Amy Bessone, Object, 2013, silkscreen on canvas on panel, 89 x 68 inches
I found this piece by Amy Bessone at Salon 94 quit clever, but while I could see having it on a coffee mug, I'm pretty sure I wouldn't want a seven foot high version.
The exterior of Salon 94 had this fantastic video screen which showed a flower arrangement in the process of decaying.
Also on the Bowery was this tribute to Houston's own Nekst.
And at the corner of Bowery and Delancey was this painted building that appears to be the work of Kenny Scharf.
From Bowery I shifted over to Orchard St. because it seemed to have the highest density of galleries.
On Stellar Rays exterior
On Stellar Rays was
my favorite gallery name of all the ones I saw. And a name like that
might lead you to expect cosmic art with intense psychedelic colors. But
the work inside by Maria Petschnig was anything but cosmic.
Maria Petschnig, from Vasistas, video
Maria Petschnig installation
Maria
Petschnig was described in the gallery literature as "frequently
deal[ing] with the intimate, confronting taboos and dominant ideals
surrounding gender and sex. By subjugating her own body to the eyes of
the camera and the public, Petschnig implicates the spectator in the
construction of narrative and character, beyond comfortable social
conventions." In other words, same old, same old. There was work in the
New Museum 1993 show that did this first and better. The videos weren't
all that interesting.
However, the installation in the
gallery was really excellent. From what I can tell, On Stellar Rays
space is a typical gallery--clean white walls, high ceiling, versatile.

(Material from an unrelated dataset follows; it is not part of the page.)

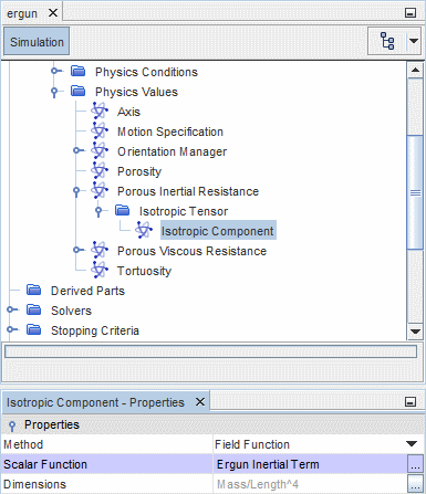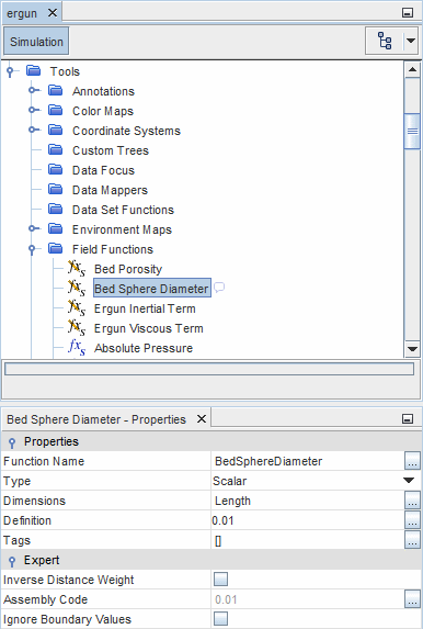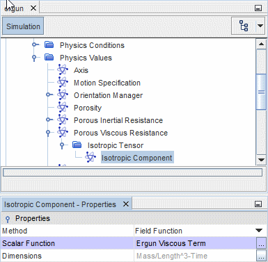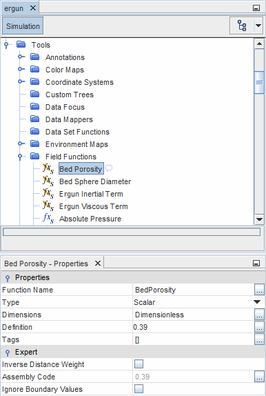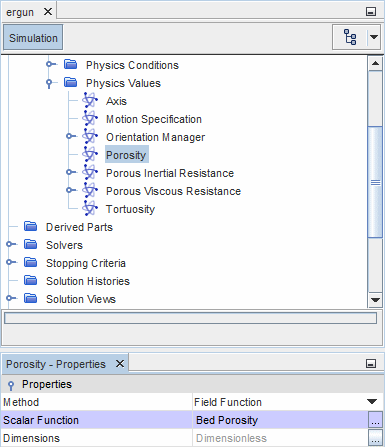 - 在属性窗口中,使用下拉菜单将方法属性设为场函数,然后将标量函数属性设为 Bed Porosity(床孔隙率)。

But the installation Petschnig has made converts it utterly--cheap wood
paneling, acoustic tile drop ceiling, cheap floor lamps and occasional
mysterious objects. It looks like it could be a whorehouse, a sex
dungeon, or even maybe the windowless room where a kidnapper has kept
his victim for years. The space Ptschnig creates achieves the goal that
On Stellar Rays described far better than the videos.
David Nadel, Burn #299
When I went to Sasha Wolf Gallery just down the road, the vibe couldn't be more different. There was a beautiful show by photographer Katherine Wolkoff up, but it was a photo in the back by David Nadel that
really caught my attention. At first, I couldn't tell what I was
looking at--thousands of uneven black marks against a white background.
It's a photograph of a snow-covered hillside where a forest has burned.
Anyone who has driven between Austin and Houston through Bastrop has
seen a similar ghost forest, the remains of a serious forest fire in 2011. The sight of it is haunting, and somehow taking similar photos in the snow, as Nadel has done, amplifies the effect.
Ryan Humphrey at DCKT
And in an abrupt shift in tone (which was typical of this perambulation), we had the street punk petty criminality of Ryan Humphrey at DCKT.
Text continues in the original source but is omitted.